Input data »

___

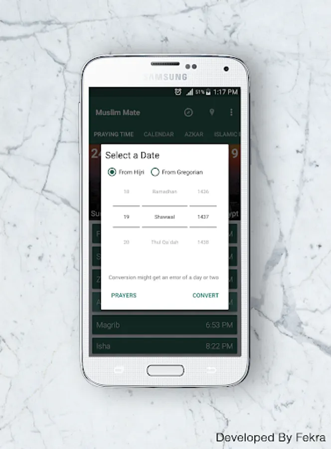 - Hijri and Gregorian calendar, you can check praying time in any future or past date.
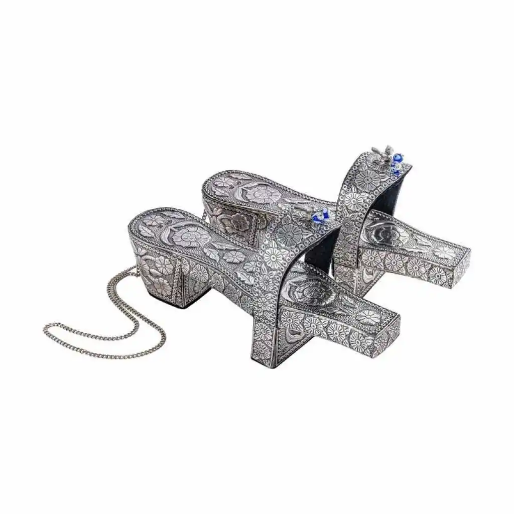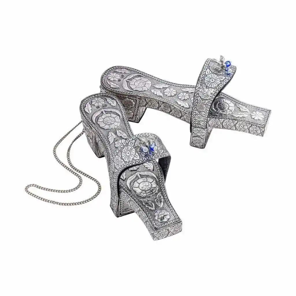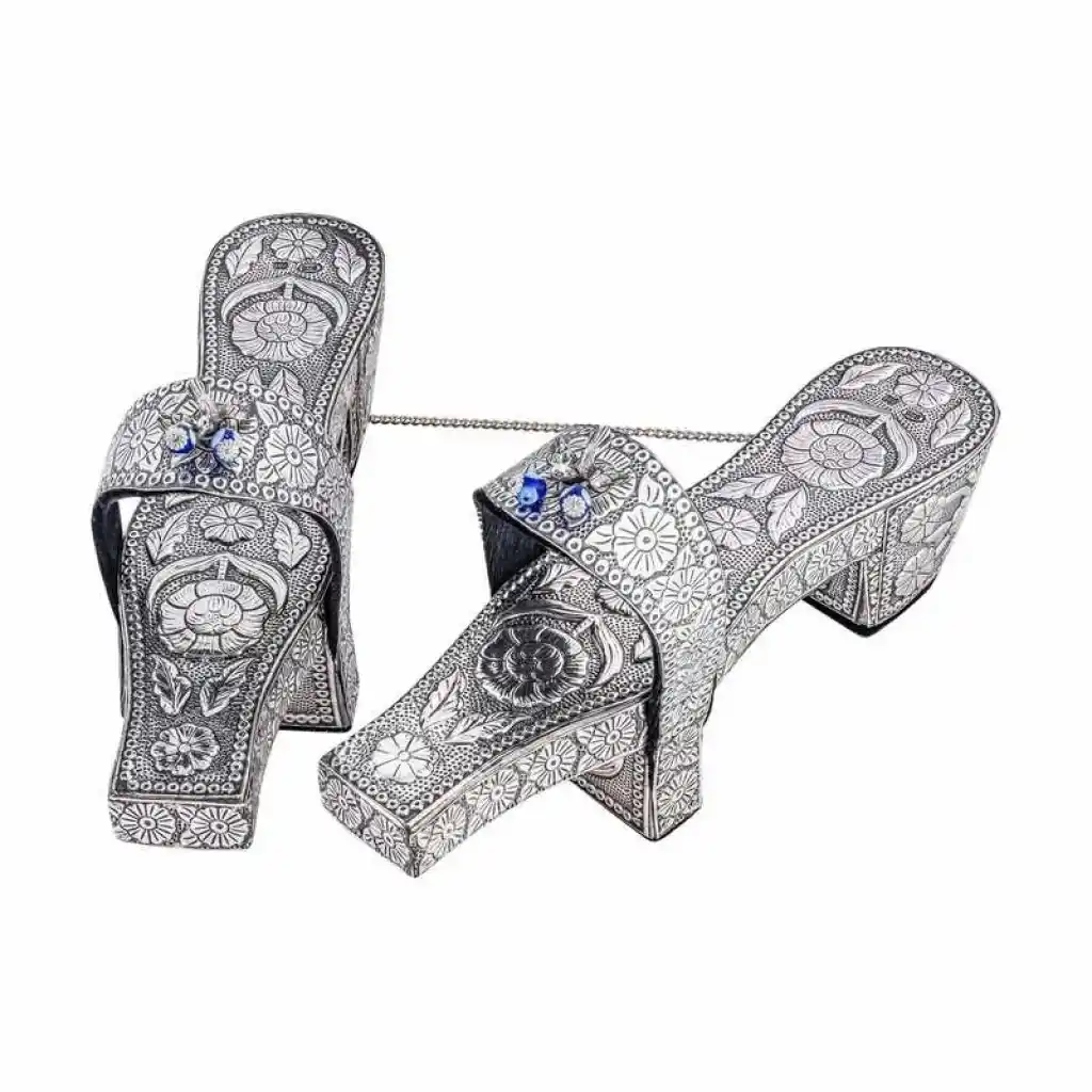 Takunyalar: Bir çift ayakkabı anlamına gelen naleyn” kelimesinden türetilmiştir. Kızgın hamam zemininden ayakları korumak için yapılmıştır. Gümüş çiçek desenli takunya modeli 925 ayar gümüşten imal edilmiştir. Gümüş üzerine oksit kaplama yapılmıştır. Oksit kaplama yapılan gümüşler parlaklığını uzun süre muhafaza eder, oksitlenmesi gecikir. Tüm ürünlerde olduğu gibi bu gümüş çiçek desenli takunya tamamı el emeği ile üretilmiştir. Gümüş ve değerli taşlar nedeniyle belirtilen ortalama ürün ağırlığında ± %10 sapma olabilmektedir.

___

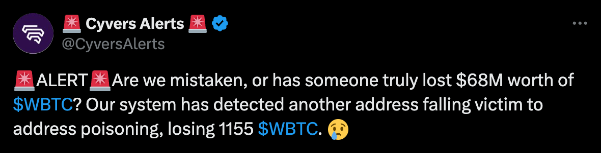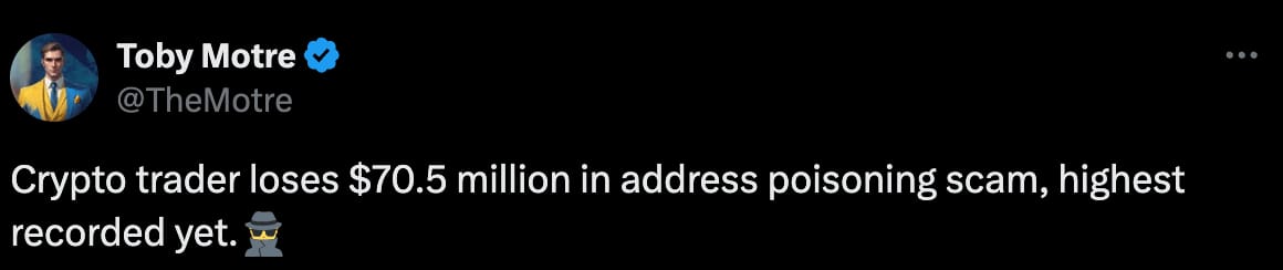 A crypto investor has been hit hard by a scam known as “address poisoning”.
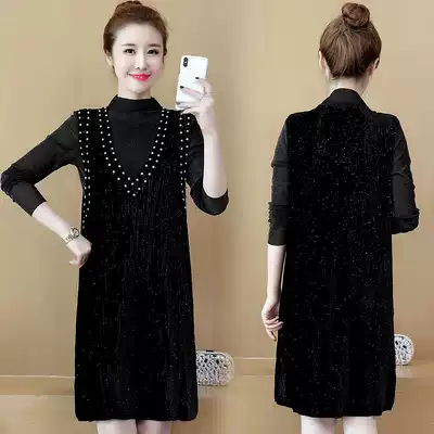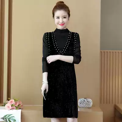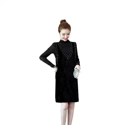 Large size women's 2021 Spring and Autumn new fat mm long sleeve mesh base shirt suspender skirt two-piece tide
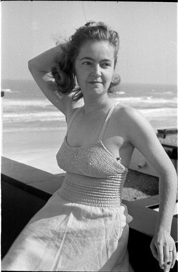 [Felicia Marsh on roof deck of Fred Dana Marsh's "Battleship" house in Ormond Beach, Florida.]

___

Exercise prompt »
The lines to set down run from the line with "Large size women's" up to and including the line with "[Felicia Marsh on" in the entries above. Reproduce them exactly, with no pictures.

Answer box »
 Large size women's 2021 Spring and Autumn new fat mm long sleeve mesh base shirt suspender skirt two-piece tide
 [Felicia Marsh on roof deck of Fred Dana Marsh's "Battleship" house in Ormond Beach, Florida.]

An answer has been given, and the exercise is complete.